Regarding claim 2, Lukarski/Yu/Smelyanskiy teaches the memory device of claim 1, wherein the indirect memory access information is provided from an external memory controller to the memory device [processor 500 may include a memory hierarchy comprising one or more levels of caches within the cores, one or more shared cache units such as caches 506, or external memory (not shown) coupled to the set of integrated memory controller units 552; ¶0093 on Smelyanskiy].
Regarding claim 5, Lukarski/Yu/Smelyanskiy teaches the memory device of claim 1, wherein the prefetch circuit includes: an arithmetic circuit configured to calculate target addresses corresponding to the read position elements based on the read position elements, the start address of the target data array and the unit size of the target elements [the indirect address and index value follow: indirect_address=coeff*index+base_address; wherein coeff is the size of the data element, index is the index array such as B[i], and base_address is the address ofA[0]; ¶0050-51 on Yu];
a target address register configured to store the target addresses calculated by the arithmetic circuit [the coeff value and base_address value is stored next to the stream information in the indirect table entry 412 as shown in FIG. 4; ¶0053]; and
a target data register configured to store the target elements that are read from the target addresses of the memory cell array [destination and source registers/data may be generic terms to represent the source and destination of the corresponding data or operation; ¶0047 on Smelyanskiy].
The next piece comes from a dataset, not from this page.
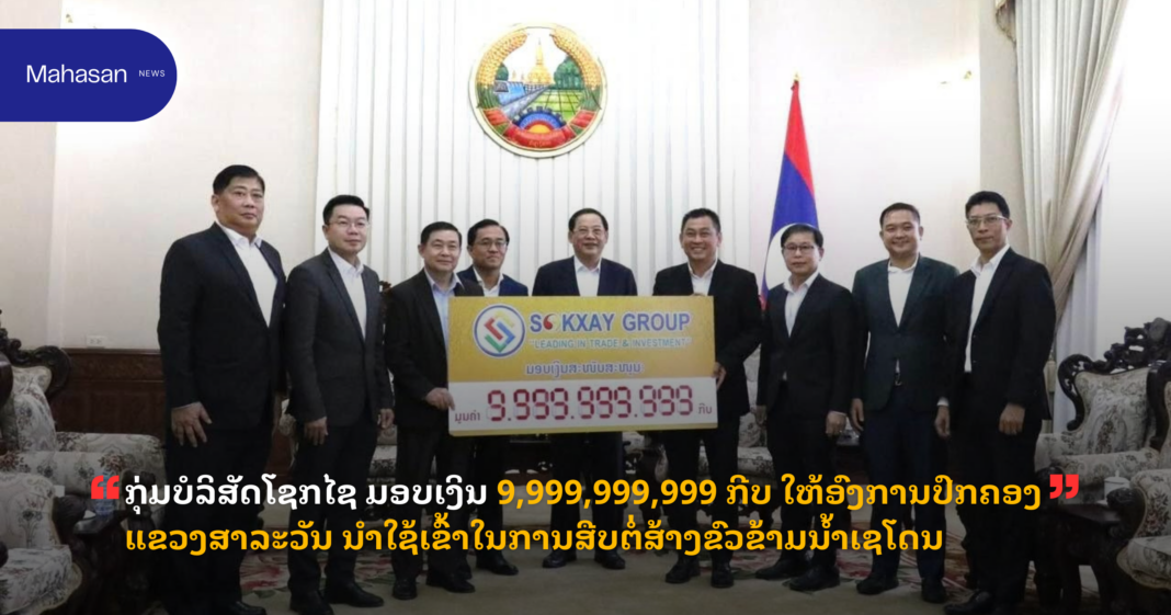 ໃນວັນທີ 19 ມັງກອນ 2026, ທີ່ຫ້ອງວ່າການສຳນັກງານນາຍົກລັດຖະມົນຕີ, ທ່ານ ໂຊກໄຊ ສົມໃຈນຶກ ປະທານກຸ່ມບໍລິສັດໂຊກໄຊ ໄດ້ມອບເງິນຈໍານວນ 9,999,999,999 ກີບ (ເກົ້າຕື້ເກົ້າຮ້ອຍເກົ້າສິບເກົ້າລ້ານເກົ້າແສນເກົ້າສິບເກົ້າພັນເກົ້າຮ້ອຍເກົ້າສິບເກົ້າກີບ) ໃຫ້ອົງການປົກຄອງແຂວງສາລະວັນຕາງໜ້າຮັບໂດຍທ່ານ ປະເດີມພອນ ສົນທະນີ ປະທານຄະນະກໍາມະການປົກຄອງແຂວງສາລະວັນ ແລະ ໃຫ້ກຽດເປັນສັກຂີພະຍານໂດຍທ່ານ ສອນໄຊ ສີພັນດອນ ນາຍົກລັດຖະມົນຕີ, ມີທ່ານ ລັດຖະມົນຕີ ກະຊວງ ໂຍທາທິການ ແລະ ຂົນສົ່ງ, ຮອງລັດຖະມົນຕີ ກະຊວງ ການເງິນ ພ້ອມດ້ວຍພາກສ່ວນກ່ຽວຂ້ອງເຂົ້າຮ່ວມ.

Regarding claim 6, Lukarski/Yu/Smelyanskiy teaches the memory device of claim 5, wherein the arithmetic circuit calculates an ith one of the target addresses by multiplying the unit size by B(i)-1 and adding the start address to a result of the multiplying, where B(i) indicates an ith one of the position elements in the base array [indirect_address=coeff*index+base_address; ¶0050-51 on Yu].
Regarding claim 9, Lukarski/Yu/Smelyanskiy teaches the memory device of claim 5, wherein the target data register is implemented with a static random access memory (SRAM) [SRAM; ¶0053 and ¶0060].
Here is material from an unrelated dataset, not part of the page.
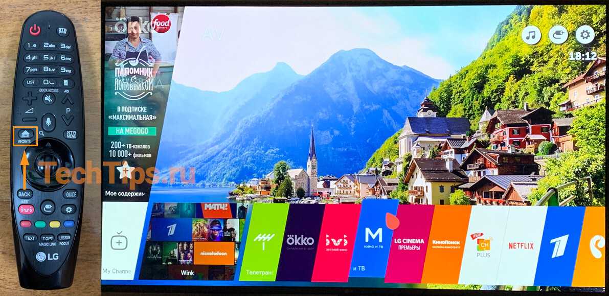 Зайдите в меню, если у вас такой же пульт, нажмите на кнопку «Домик, Recents», откроется меню.

Regarding claim 10, Lukarski/Yu/Smelyanskiy teaches the memory device of claim 1, wherein the indirect memory access information further includes a start address of the base array [base_address; FIG. 5 and ¶0051-54 on Yu], a unit size of the position elements [coeff is the size of the data element; ¶0051-54 on Yu], a total number of the position elements and a read number of the position elements that are read simultaneously from the memory cell array [the core may support multithreading (executing two or more parallel sets of operations or threads) in a variety of manners; wherein multithreading support may be performed by, for example, including time sliced multithreading, simultaneous multithreading (where a single physical core provides a logical core for each of the threads that physical core is simultaneously multithreading), or a combination thereof (¶0089); and wherein instructions corresponding to the predicted branch of execution may be loaded into an instruction cache. In 1615, one or more such instructions in the instruction cache may be fetched for execution. In 1620, the instructions that have been fetched may be decoded into microcode or more specific machine language. In one embodiment, multiple instructions may be simultaneously decoded (¶0144)].
Claim 4, 21, 22, 23 and 24 is/are rejected under 35 U.S.C. 103 as being unpatentable over Lukarski in view of Yu further in view of Smelyanskiy; and still further in view of Strauss (US 2015/0067273).
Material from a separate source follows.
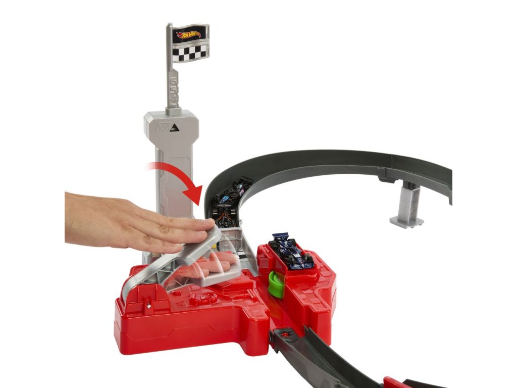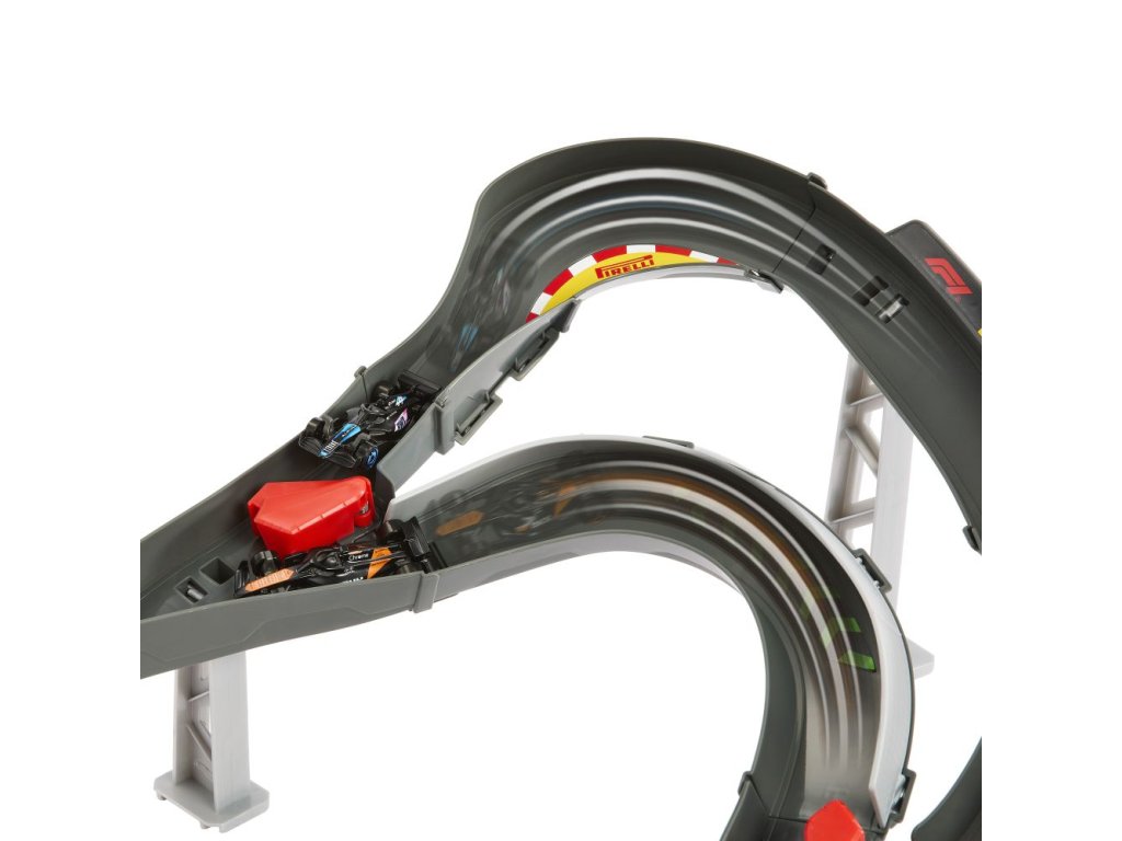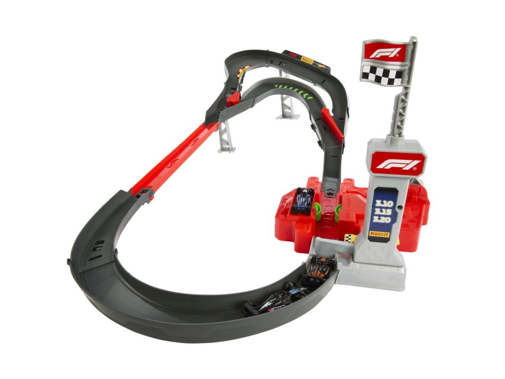 Zažijte adrenalin závodů Formule 1 přímo u vás doma díky dráze Hot Wheels Racing Startovací dráha. Tento set přináší tři detailně zpracované angličáky v měřítku 1:64, inspirované oblíbenými týmy – McLaren Formule 1, BWT Alpine Formule 1 a Visa Cash App RB Formule 1 – a dvě herní varianty, které zaručují napínavou akci. V závodním režimu stačí naložit auta do startovací rampy a sledovat auta řítící se na trať. V nekonečném režimu auta obíhají dráhu znovu a znovu bez zastavení – ideální pro vytrvalé závodníky. Dráha je navržena tak, aby byla kompatibilní se systémem Speed Snap, což umožňuje její snadné rozšíření o další části. (Další sety a dráhy Hot Wheels se prodávají samostatně.) Barvy a vzhled výrobku se mohou lišit.

Regarding claim 4, Lukarski/Yu/Smelyanskiy explicitly teach all the claim limitations except for the memory device of claim 1, wherein the memory cell array includes a plurality of memory banks, and wherein the valid data array, the base array and the target data array are stored in different memory banks among the plurality of memory banks.
wherein the memory cell array includes a plurality of memory banks, and wherein the valid data array, the base array and the target data array are stored in different memory banks among the plurality of memory banks [every bank of the resident element data buffer may be connected to the queue insertion controller and the parallel processing unit may choose which resident elements to copy from the selected resident elements driven from the resident element data buffer; ¶0041].
Therefore, it would have been obvious to a person of ordinary skill in the art, before the effective filing date of the claimed invention, to store the elements of the multiplication into separate and parallel banks as disclosed in Strauss. The combination would have be obvious because a person of ordinary skill in the art would know to apply a known technique to a known device ready for improvement to yield predictable results.
Regarding claim 21, these claim(s) limitations are significantly similar to those of claim(s) 1; and, thus, are rejected on the same grounds.
Claim 21, however, further recites a random access memory (RAM); and wherein the memory cell array includes a plurality of memory banks, and wherein the valid data array, the base array and the target data array are stored in different memory banks among the plurality of memory banks.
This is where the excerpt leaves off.